What you have to do: Quote the whole listing exactly. Leave the pictures out of your copy.

Provided data:
⁂
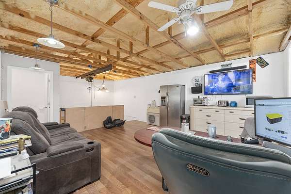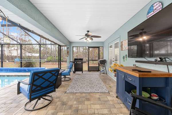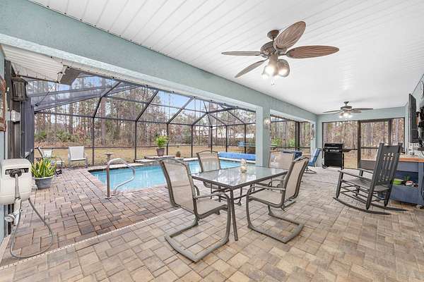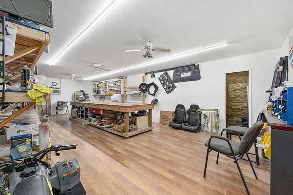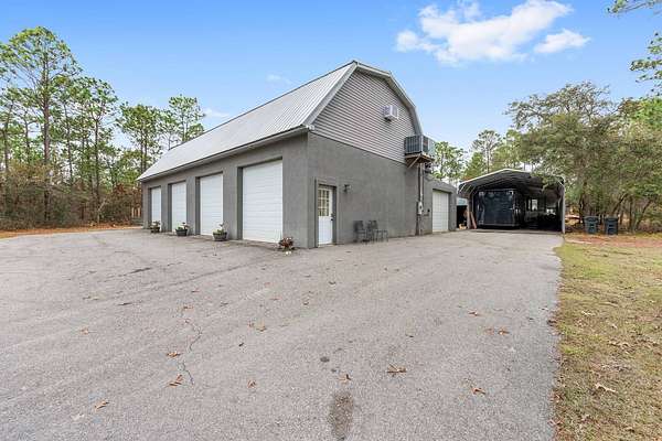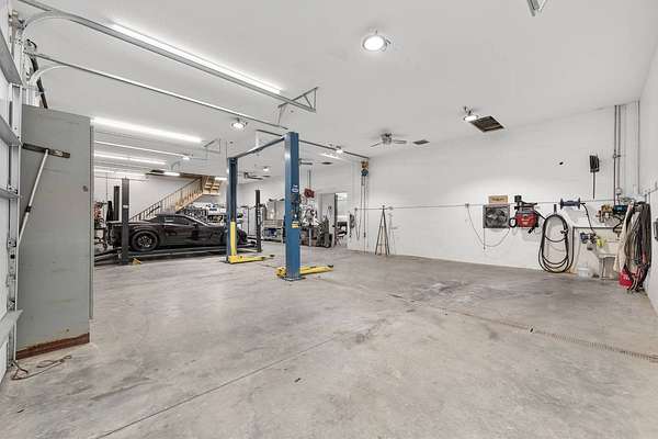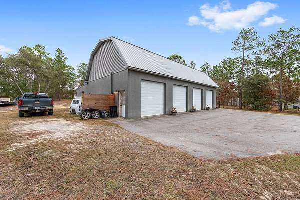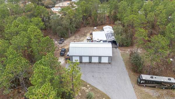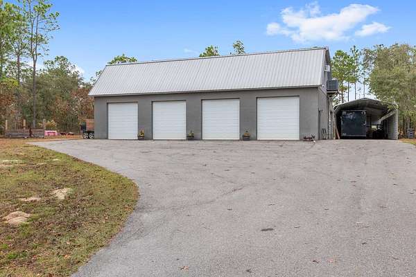 This is a one-of-a-kind opportunity to own a property that seamlessly blends luxurious living with unparalleled space for your automotive passion. Set on a sprawling 2.28-acre double lot, this 4 Bedroom 3 Bath Pool home isn't just a home-it's a lifestyle. With expansive grounds, a stunning pool area, extensive garage and body shop amenities, it offers a rare blend of privacy, space, and functionality. For the car enthusiast or hobbyist, this is more than just a place to live-Its a place to thrive. This property is a car lovers paradise. Discreetly tucked behind what appears to be a traditional 4 car garage is a full-blown automotive haven and a private turn key body shop business. The front shop features four bays (30'x60') with a nearly finished loft (16'x60') complete with a half bath and AC-ideal for a private office or creative workspace. A back room (20'x60') includes a dedicated body shop area with a 26' paint booth and mixing room, providing space under roof and AC for up to six cars. But that's not all-outside, there's even more room to indulge your passion. A large storage barn can accommodate eight additional cars, and there's an 8'x48' storage shed plus a 16'x48' lean-to for even more vehicle storage. The property also includes an RV port with electric, power, and water hookups, making it perfect for RV enthusiasts. The home itself offers luxurious comfort, formal dining, den/office and open kitchen with real wood cabinets, upgraded stainless steel appliances, and plenty of storage, the kitchen is both functional and beautiful. The primary bedroom boast tray ceilings, double sinks, a garden tub, and a shower. Two guest rooms share a Jack-and-Jill bath, while the fourth bedroom has an adjacent bath-ideal for guests or in-laws. The den/office and formal dining room flows into a spacious family room that opens up to the private pool oasis. Enjoy your gas-heated saltwater pool with beautiful stonework and a waterfall year round, all enclosed in a screened lanai overlooking a serene, wooded area. This is a one-of-a-kind opportunity to own a home that combines residential luxury with unparalleled space for car restoration and storage. A must-see for any enthusiast looking for the perfect blend of comfort and hobby space!
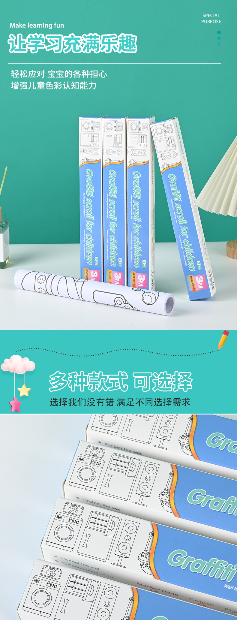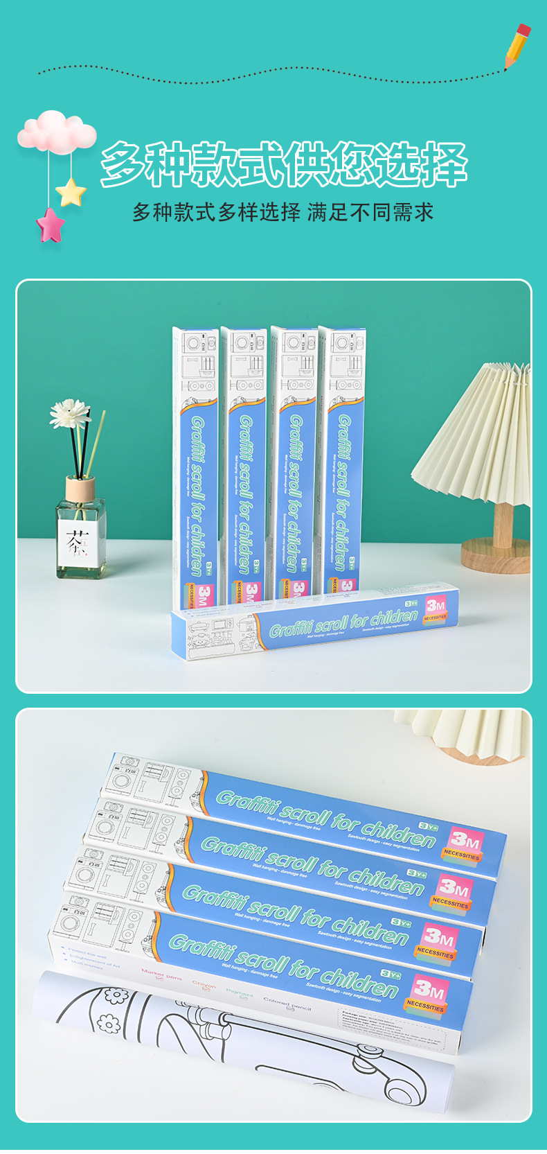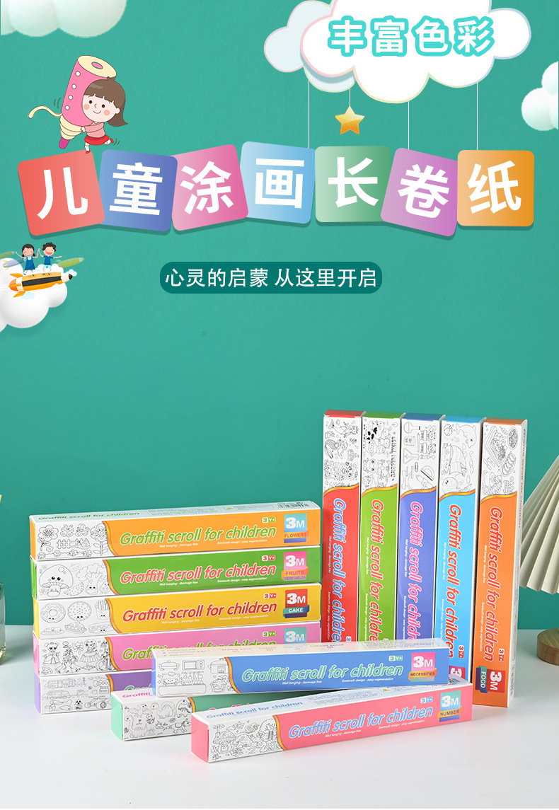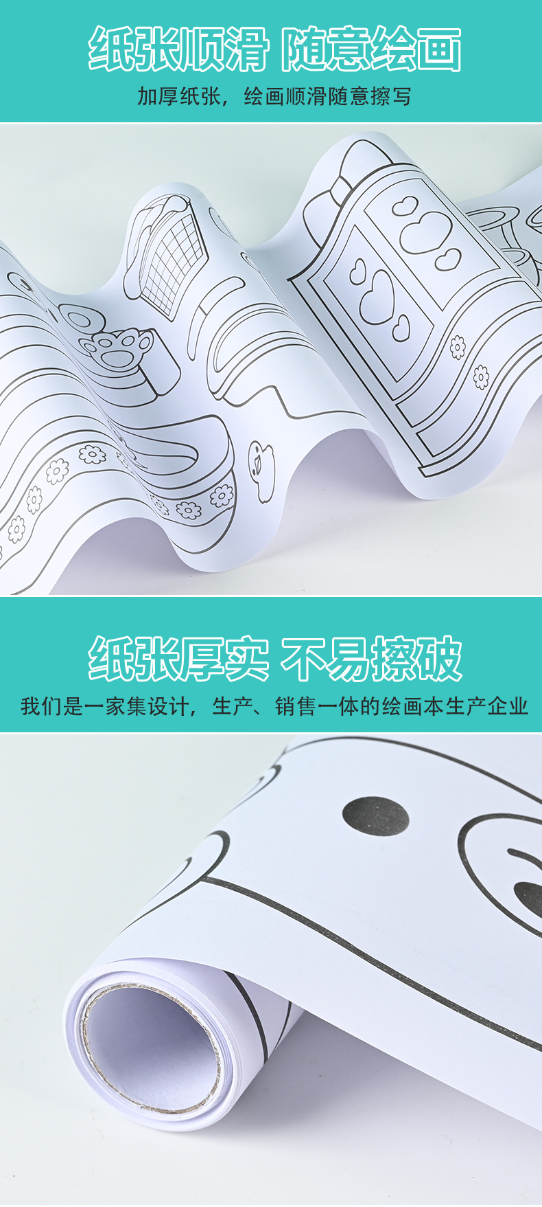 儿童男孩女孩涂鸦超长画卷填色绘画本幼儿园涂色可贴墙不脏墙批发
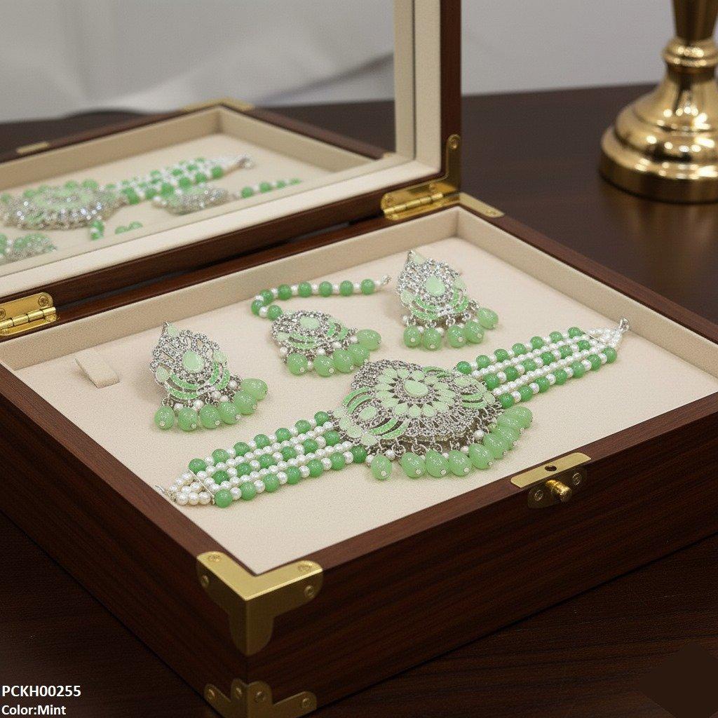 Package Include: 1x Choker set, 1x pair of Earrings , 1x Pair Of Bindi
⁂
Result of this exercise:
 This is a one-of-a-kind opportunity to own a property that seamlessly blends luxurious living with unparalleled space for your automotive passion. Set on a sprawling 2.28-acre double lot, this 4 Bedroom 3 Bath Pool home isn't just a home-it's a lifestyle. With expansive grounds, a stunning pool area, extensive garage and body shop amenities, it offers a rare blend of privacy, space, and functionality. For the car enthusiast or hobbyist, this is more than just a place to live-Its a place to thrive. This property is a car lovers paradise. Discreetly tucked behind what appears to be a traditional 4 car garage is a full-blown automotive haven and a private turn key body shop business. The front shop features four bays (30'x60') with a nearly finished loft (16'x60') complete with a half bath and AC-ideal for a private office or creative workspace. A back room (20'x60') includes a dedicated body shop area with a 26' paint booth and mixing room, providing space under roof and AC for up to six cars. But that's not all-outside, there's even more room to indulge your passion. A large storage barn can accommodate eight additional cars, and there's an 8'x48' storage shed plus a 16'x48' lean-to for even more vehicle storage. The property also includes an RV port with electric, power, and water hookups, making it perfect for RV enthusiasts. The home itself offers luxurious comfort, formal dining, den/office and open kitchen with real wood cabinets, upgraded stainless steel appliances, and plenty of storage, the kitchen is both functional and beautiful. The primary bedroom boast tray ceilings, double sinks, a garden tub, and a shower. Two guest rooms share a Jack-and-Jill bath, while the fourth bedroom has an adjacent bath-ideal for guests or in-laws. The den/office and formal dining room flows into a spacious family room that opens up to the private pool oasis. Enjoy your gas-heated saltwater pool with beautiful stonework and a waterfall year round, all enclosed in a screened lanai overlooking a serene, wooded area. This is a one-of-a-kind opportunity to own a home that combines residential luxury with unparalleled space for car restoration and storage. A must-see for any enthusiast looking for the perfect blend of comfort and hobby space!
 儿童男孩女孩涂鸦超长画卷填色绘画本幼儿园涂色可贴墙不脏墙批发
 Package Include: 1x Choker set, 1x pair of Earrings , 1x Pair Of Bindi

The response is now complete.